Top of Dataset excerpt
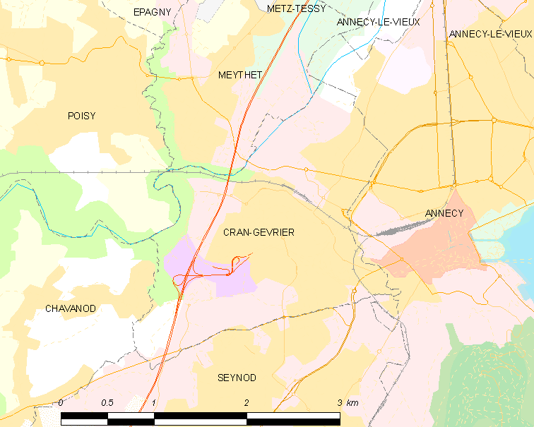 Map of French municipality Cran-Gevrier
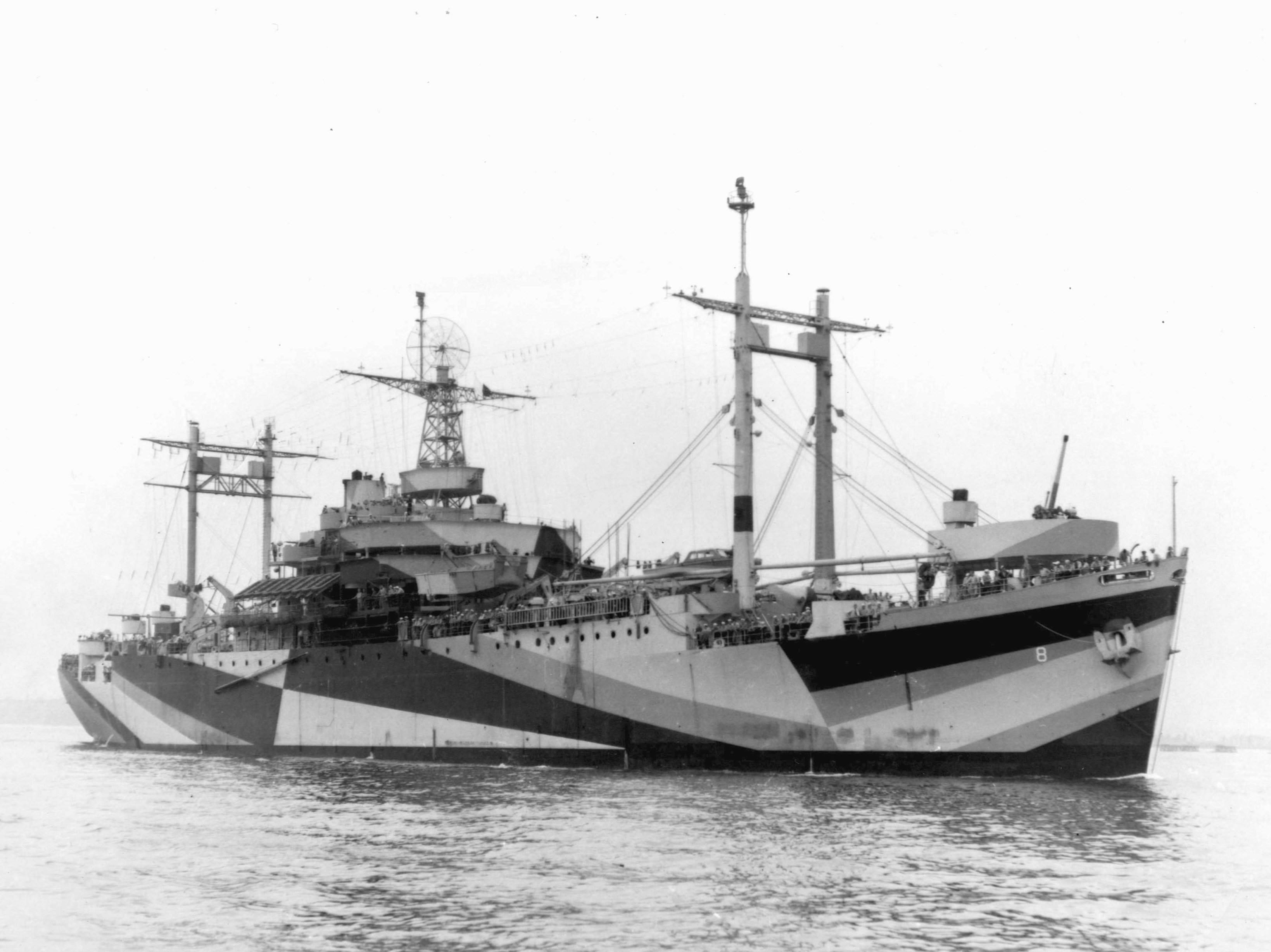 The U.S. Navy amphibious command ship USS Mount Olympus (AGC-8) in June 1944. She is painted in Camouflage Measure 32 Design 8F.
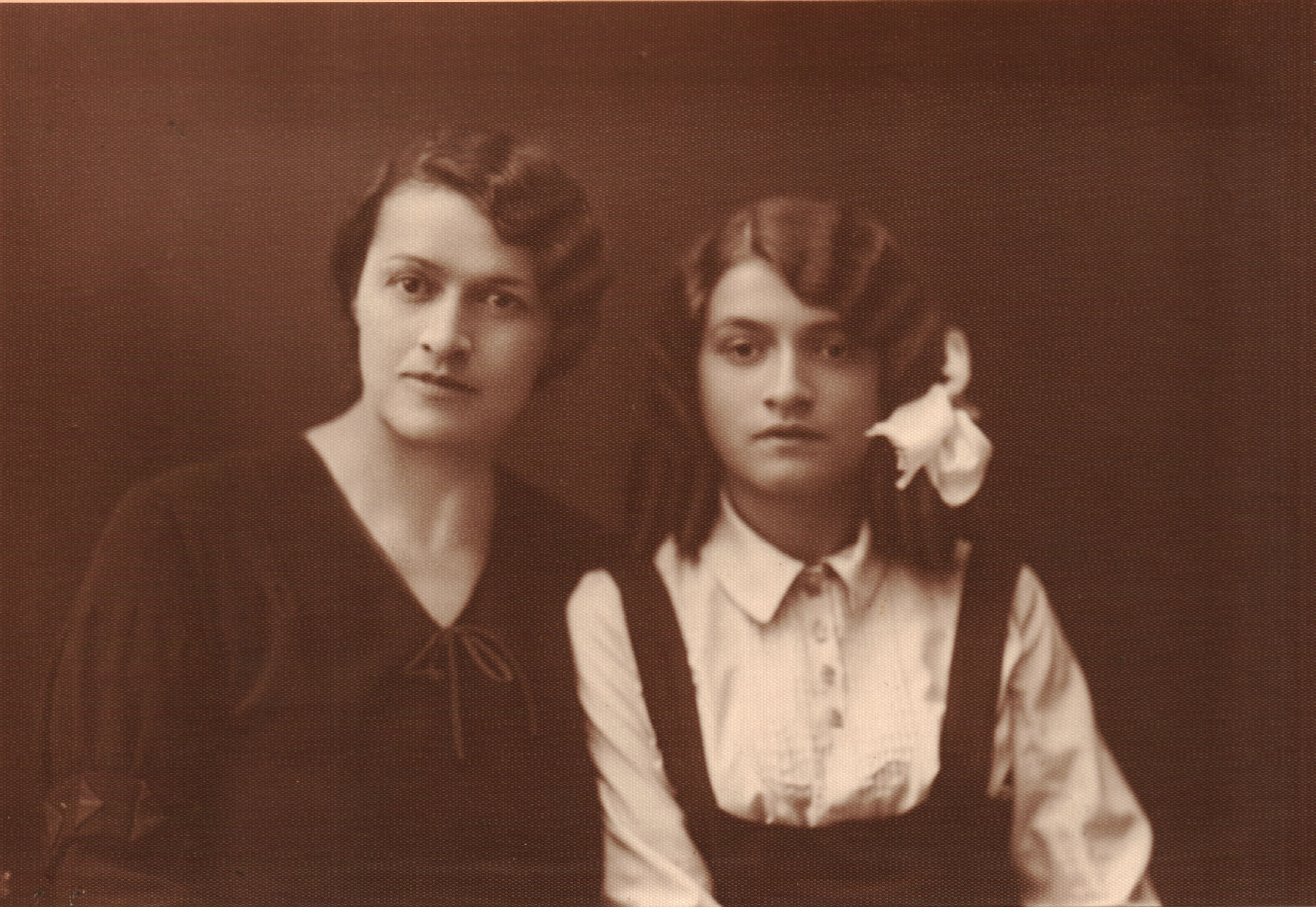 Bulgarian geographer Aleksandra Monedzhikova with her daughter Milena.
Bottom of Dataset excerpt
What you need to do:
Print out the material word for word, omitting the pictures.

Task result:
 Map of French municipality Cran-Gevrier
 The U.S. Navy amphibious command ship USS Mount Olympus (AGC-8) in June 1944. She is painted in Camouflage Measure 32 Design 8F.
 Bulgarian geographer Aleksandra Monedzhikova with her daughter Milena.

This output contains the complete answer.